Thought I'd add a little more to what Ithrynluin has told.

As for their bodies they are always called tall, and often called lithe, they are graceful. Glorfindel is said to be tall and straight. Most of the published texts give the impression most if not all of the elves are slim and fair, but in some very old story there were a couple who did not fit this discription. An example is an elf Salgant who was "heavy and squat". But one of these is Maeglin, who Tolkien later says nothing about to imply that in his mind the elf still looked this way.
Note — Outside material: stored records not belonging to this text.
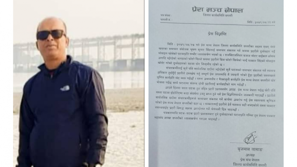 राजविराज, १९ साउन । प्रेस मञ्च सप्तरीद्वारा मञ्चका कार्यसमिति सदस्य भूषण कुमार सिँहलाई सामाचार संकलन गर्ने क्रममा दुर्व्यवहार गर्दै मोवाइल खोस्ने प्रहरीमाथी कारबाहीको माग गरेको छ ।प्रेस मञ्च नेपाल सप्तरीका अध्यक्ष बृजमान तामाङले बिहिवार एक प्रेस विज्ञप्ति जारी गर्दै पत्रकार सिंहमाथी...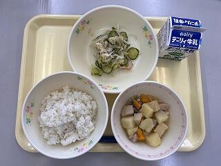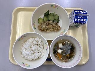麦ごはん、なめこ汁、ホキ天玉あげ、きゅうりのピリ辛漬け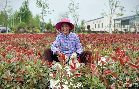 圖為周邊村民就近在苗圃基地務(wù)工現(xiàn)場(chǎng)。記者胡小軍攝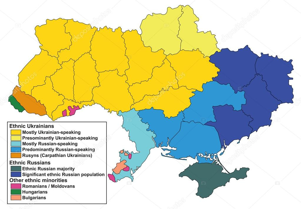 Ethnic map of Ukraine. Civil war was not inevitable because of this division alone; however, the ethnic division meant there was a possibility of conflict.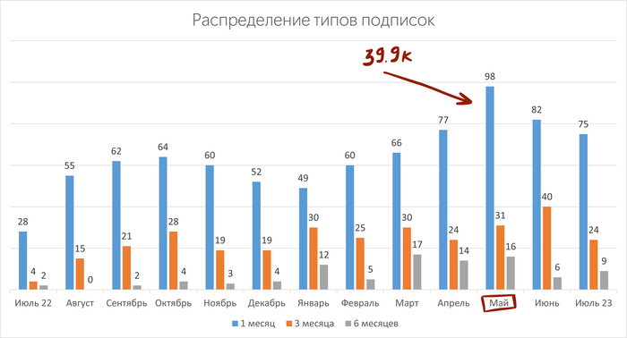 График формирования выручки, на протяжении всего года преобладают месячные подписки, реже 3-месячные и сильно реже на 6 месяцев.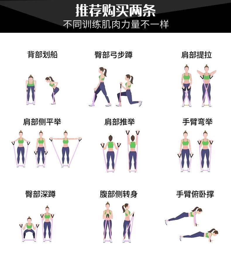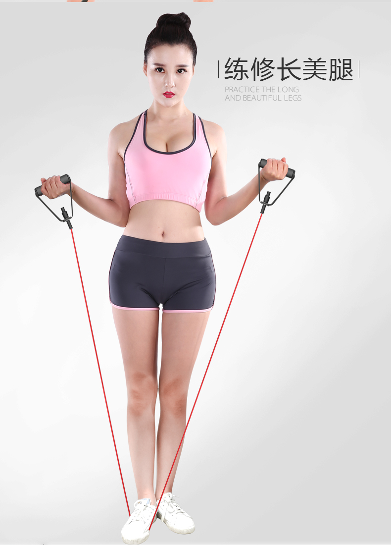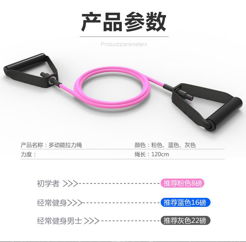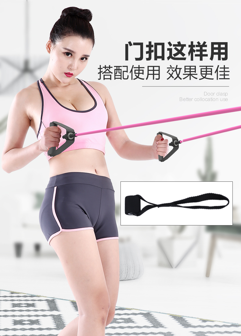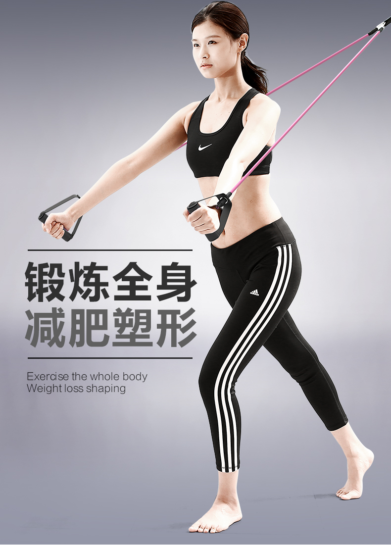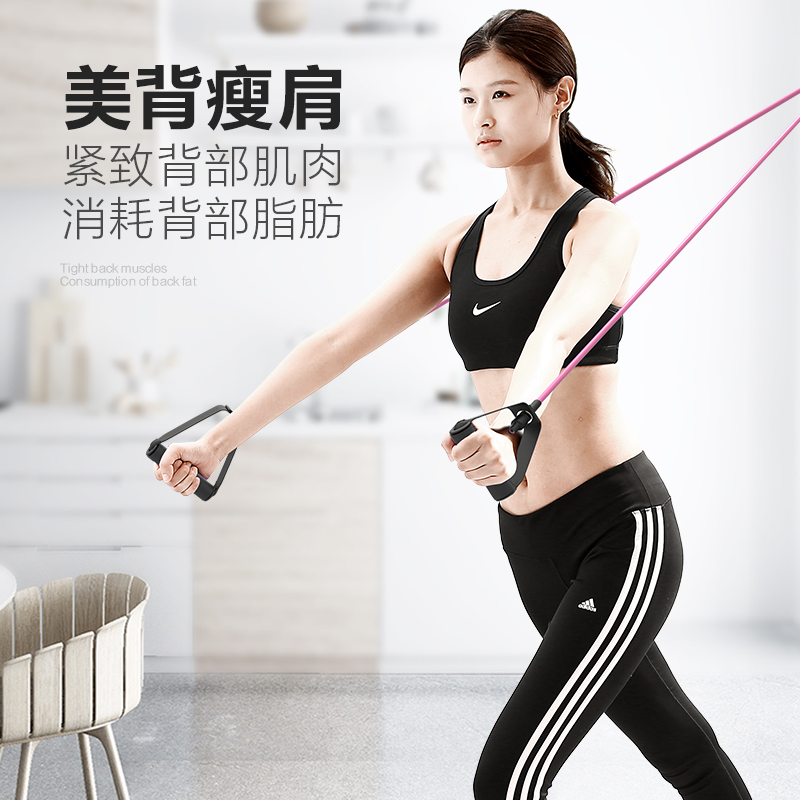 索维尔 拉力绳女士弹力绳家用健身高弹瑜伽拉力带胳膊力量训练多功能拉力器 粉色8磅送门扣
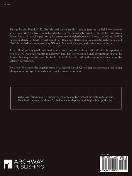 During his childhood, C. D. Griffith lived on his family's Indiana farm in the Eel River bottoms where he worked the land, hunted, and fished, never venturing further than twenty-five miles from home. But all of that changed during his senior year of high school when he was drafted into the US Army. In March 1943, with a brief stop at Fort Benjamin Harrison in Indianapolis, eighteen-year-old Griffith headed on a train to Camp White in Medford, Oregon, with a final stop in Japan. In a collection of original, unedited letters penned to his family, Griffith details his experiences as a soldier serving his country in a faraway land. His letters contain vivid descriptions of what he learned in camp and witnessed in the Pacific while bravely battling the enemy as a member of the Greatest Generation. My Senior Trip shares the original letters of a Second World War soldier that provide a fascinating glimpse into his experiences while serving his country overseas.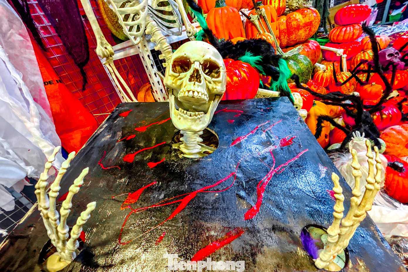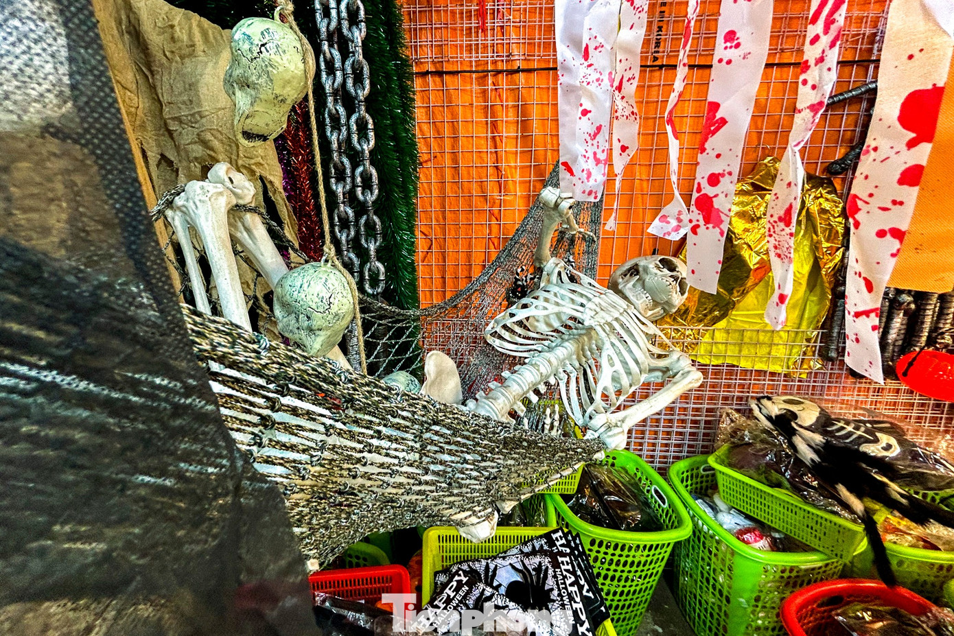 Các cửa hàng trên đường Hải Thượng Lãn Ông, Nguyễn Thị Minh Khai , Nguyễn Đình Chiểu... bày bán kín đồ trang trí Halloween như đèn bí ngô, mạng nhện, đầu lâu, mặt nạ, dây phát sáng... Trong đó, bí ngô nhựa được ưa chuộng nhất, giá 25.000–100.000 đồng, dễ trang trí bàn làm việc hoặc góc check-in.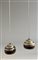 Coppia di piccole lampade a sospensione in terracotta smaltata verniciata marrone, grigio e bianco. (h cm 16)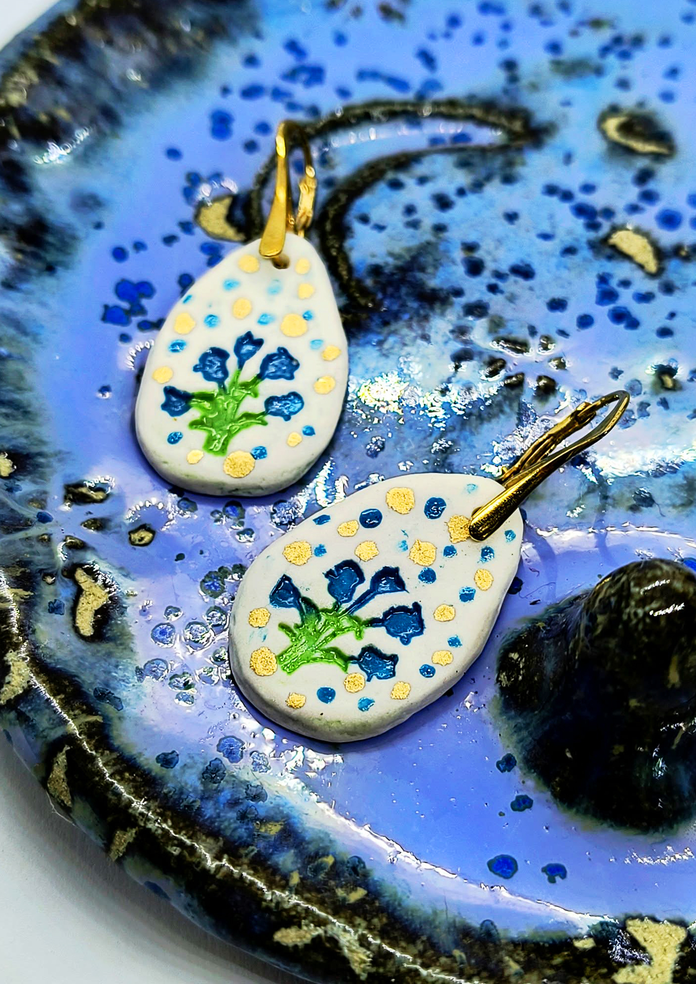 Kolczyki wykonałam własnoręcznie ze szlachetnej porcelany, zdobiłam szkliwem oraz 24-karatowym złotem.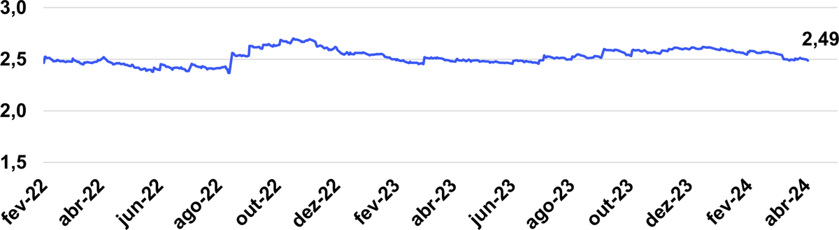 Dados considerando valores entre janeiro de 2022 ao primeiro dia útil de abril de 2024.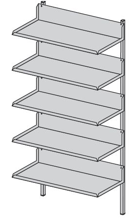 Regał ścienny pięciopółkowy o stałym rozstawie półek.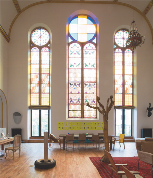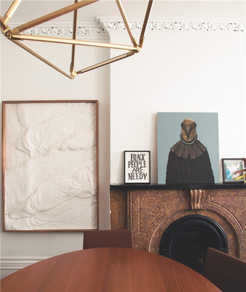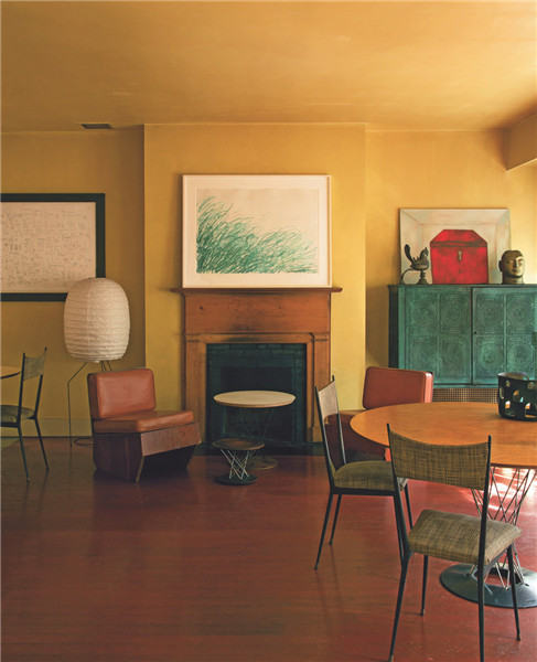 弗朗切斯科·克莱门特的家。壁炉上的绘画出自赛·托姆布雷之手,在用餐区两侧分别是让· 米歇尔·巴斯奎特和克莱门特自己的绘画。家具中有日裔美国雕塑家野口勇设计的桌子和著名建筑设计师弗兰克·劳埃德·赖特设计的木椅。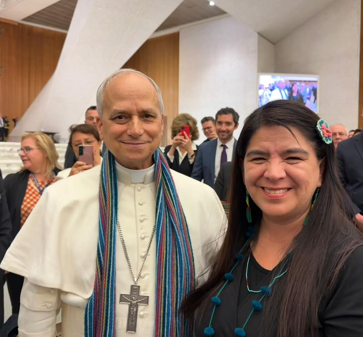ROMA.- Paola Ugaz es la periodista peruana que el lunes pasado se hizo popular por ponerle al papa León XIV una colorida chalina de alpaca andina y al sacarse, sonriente, un foto con él, después de su primera audiencia con la prensa internacional.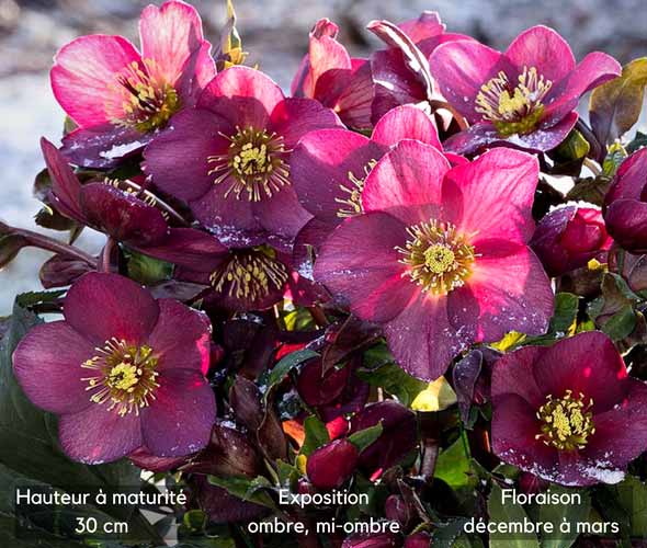 L'Hellébore Ice n'Roses Red est une nouvelle obtention qui nous gratifie d'une très longue floraison entre décembre et avril, sous forme de grandes fleurs de 10 cm de diamètre, intensément colorées. Né d'une hybridation puis d'une sélection rigoureuse, cet Hellébore donne une plante à la fois très résistante au froid et aux sols calcaires, plutôt secs en été. Enfin un hellébore pour tous !

I think its reasonable to conclude Tolkien probably decided against Maeglin (an elf) being orcish looking, but as far as I know he never outright said that every single elf in existance was beautiful to look at.

High Elves had a light in their eyes, and in the case of the elves that the hobbits met in the Shire there was a shimmer at their feet.

As for their faces they can look young, or like Elrond's "ageless".

There is one discription I like in a text written many many years before LoTR: _ They were swift of foot and surpassing fair; sweet and sad were their mouths and their eyes had ever a joy within quivering to tears..._

Couple more good face discriptions:



> _From Unfinished Tales_
> Then the Elf turned and looked up, and Tuor met the piercing glance of his sea-grey eyes, and knew that he was of the high folk of the Noldor.


and 


> And Voronwë cast back his hood, and his face shone in the ray, hard and clear, as if graven in stone; and Tuor marvelled to see its beauty.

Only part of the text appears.